(This should have been published in the union magazine – but mysteriosuly never made it…)
Outside it’s the year 2007 but inside the Holiday Inn, Plymouth it must have been 1977 as the Biennial Conference debated the changes to the election of the union’s President and Executive Council. The General Secretary informed conference that if electing the President at Conference was good enough for the 1970s it’s good enough for now. As he said it, the Generalissimo was reminiscing that a lot of other things were big in the 1970s too – kipper ties, racism, football hooliganism and Stalinist workers states to name but a few. The German “Democratic” Republic had back-slapping annual conferences where business was debated but never actually challenged too. Without the efforts of the Generalissimo’s branch the changes might never have been debated.
Now, in theory, the Conference is your supreme policy making body and your branch delegates are your representatives at that body. But do you know what your branch delegates are actually up to? It might be worth asking them since the manner in which they vote doesn’t necessarily suggest that they are motivated by the membership as a whole!
The election of the President was one of only two opportunities that every member in the union gets to have a guaranteed, secret say in who runs it. The other, the election of the Executive Council, is forced on the union by law so cannot be changed, but they have done their best to reduce your scrutiny. How? Well, the subtlety of the change eluded a lot of delegates but essentially the ballot will now take place BEFORE the biennial conference – so the EC presenting reports on its work for the last two years is already secure in its posts for ANOTHER two years. So, when you re-elect them (if you get the chance because of the low number of candidates) you will only know by reputation their stewardship of the union.

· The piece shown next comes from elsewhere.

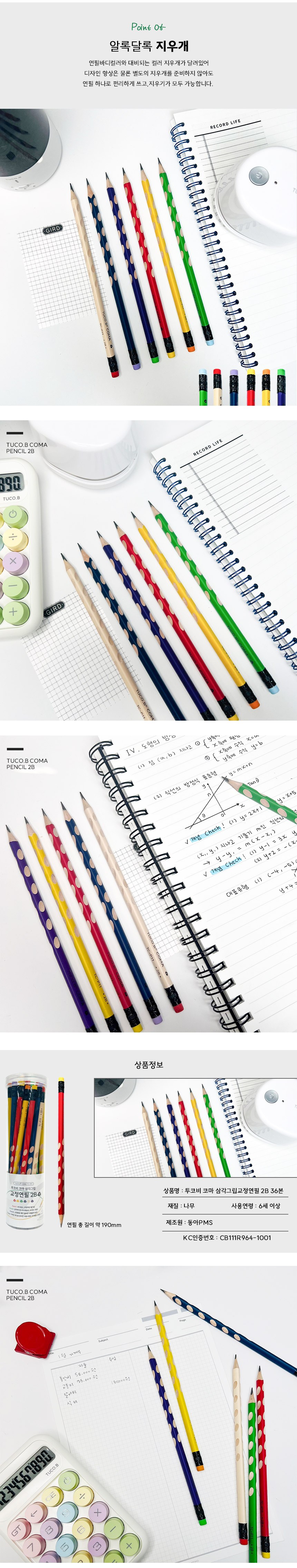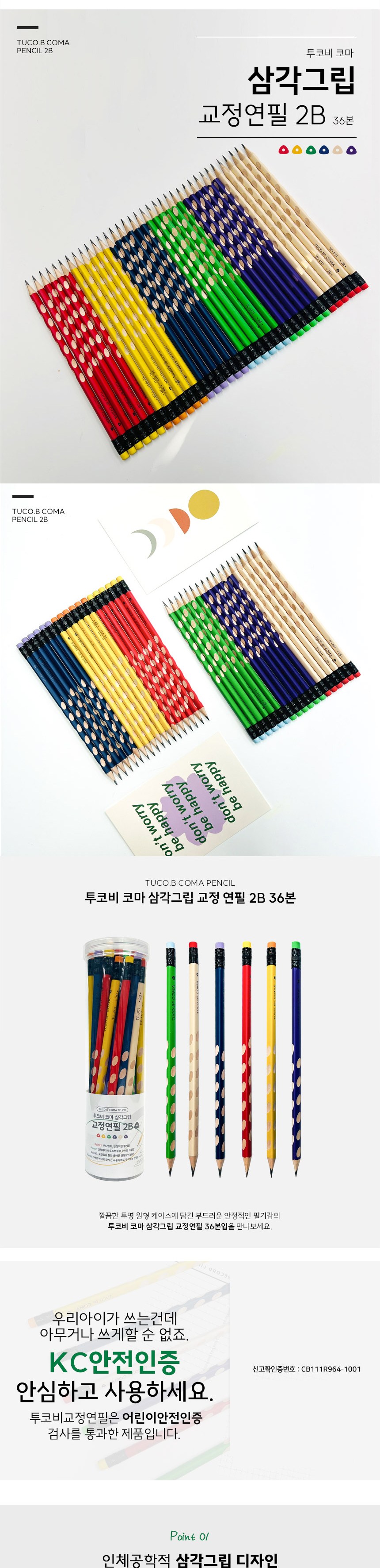 | 품명 및 모델명 | 투코비 코마 삼각그립 교정연필 TC-P11 36본 2B | KC 인증정보 | CB111R964-1001 |

What was even more bizarre, and very representative of a workers’ state was the lack of ANY coherent argument by the EC putting forward this shoddy change. From – “it costs too much” (the Presidential election) to “there’s a gap of six weeks in which we can’t do anything” (EC elections after conference). Well, there’s a gap of around six weeks between the Queen dissolving parliament and a general election – but the job of running the country still seems to get done. Certain of the Generalissimo’s contacts have suggested that it is to make the life of permanent officers easier by not having to bother with tiresome paperwork. So this is how democracy gets eroded…
By the time you read this, you will have heard from the Executive Council that one of the key personal benefits you had – the death benefit, has been withdrawn. This may come as a shock to many of you who are outside the bubble of activists and who were sold this as a key benefit to your union membership. If your branch never canvassed your opinion or told you about this move, and if you now want to make your voice heard then tell your branch officers – better still go straight to Head Office. You don’t have to be on a branch committee to be involved.